I’ve been apportioned more names than I can even remember, and are still known by at least three. The name I was born with: Shreyasi, then my pet name, a distortion of ‘Rimjhim’, because my cousins couldn’t pronounce it, and Shreya: more my name now than any other.

But I was neither born with it, nor chose it for myself: it was bequeathed to me at my first workplace, a television company in Delhi, where, never having encountered an appellation like Shreyasi, they decided it must be ‘Shreya C’, because our exec producer, another Bengali, went by the name of Ray C.

All Bengalis, they’d clearly concluded, must have a mysterious ‘C’ in their names.

C for Calcutta, chanachur, or chingri! And though I entertained the idea of renaming myself Shreya Chom-chom Sen, I plumped for persuading them to drop the randomly inserted letter instead. I welcomed my new name Shreya however, as one that would never fox anybody. But then I moved to Britain…

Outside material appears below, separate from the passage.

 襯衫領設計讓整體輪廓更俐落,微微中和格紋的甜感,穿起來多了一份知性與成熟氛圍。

Over my twenty years here, I’ve been called many things, including Sharon, Sherry, Cherie, Paki, Luv, Duck, Mowgli, and She-Ra, with the last my favourite, because who doesn’t want to be a skimpily- clad superhero?

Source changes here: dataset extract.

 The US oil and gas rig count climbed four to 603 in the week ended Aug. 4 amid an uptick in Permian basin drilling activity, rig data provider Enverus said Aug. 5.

Every South Asian in Britain has been called Paki at least once. British-Asian cricketer Azeem Rafiq recently dished the dirt on English cricket’s time-honoured tradition of xenophobic name-calling, and amongst the revelations that touched raw nerves was that Chetteshwar Pujara had been persistently called Steve by his county cricket teammates. Even though he was distinctly uncomfortable with it. Steve is a nifty name that means crown in Greek. It also happens to be my husband’s. But if it isn’t your name and you don’t want it, then to insist on calling you by it is harassment.

We also learnt from Rafiq’s testimony that English batsman Gary Ballance referred to all his brown teammates as ‘Kevin’, thinking them too unimportant to bother to learn their names. To rub it in further, his cricketing mate Alex Hales then christened his new, black dog ‘Kevin’. How obliquely British to go to all that trouble, when he could’ve just called them ‘kutta’ to their faces!

But give a dog a bad name and they’re still our friends; which cannot be said for every critter we’ve domesticated! The microscopic Coronavirus with the massive impact has been the name on everyone’s mind (lips, nose, hands) for the last two years. Ever-changing in its contagion quotient, reach, and deadliness, this mighty mite’s global reign of terror shows no signs of abating. Each new variant is not only more dangerous but more ominously named.

For the longest time Donald Trump called Covid’s first incarnation the Chinese Virus, leading to attacks on East Asian immigrants. Springing from Kent in England, the second variant was swiftly renamed Beta (apt that its name is also a nod to our role in spawning this horror!). Delta, scything through India soon after, and arriving in the west, was initially called the Indian variant, but sounding so much like a courier or a takeaway, it was crying out for a more formidable name.

So now we have Omicron, as sinister as it sounds, coming out of Africa and overwhelming the world, with a speed and stealth unmatched amongst contagions, and a lethality that might yet devastate. These Greek classical terms for Covid avatars had seemed almost reassuring till now; as if by giving them familiar names, we’d figured them out. Consequently, we let our guard down. But Omicron sounds more like a vengeful Greek god or sci-fi supervillain; intent on wiping out the human race, like the virus itself. A name to strike terror in our hearts and rightly remind us that this eviscerating pandemic is far from over.

Names do carry weight and have significance. Directly or otherwise, they influence the course of those attached to them, and conversely, how the world approaches their bearers. Which makes me think, on the cusp of the coming year, that we must name it wisely. 2021 was the Chinese Year of the Ox, and look how it’s bulldozed us!

So, what does 2022, the Year of the Tiger, promise? A year as red in tooth and claw as the last two?

Or burning brightly with hope of redemption? Why not christen it just what we’ve called it, repeatedly to each other, these last few weeks? Happy New Year. And then, help it live up to its comfortingly familiar and hearteningly hopeful name?

Happy new year. To you and you and you. Let this be the name for 2022.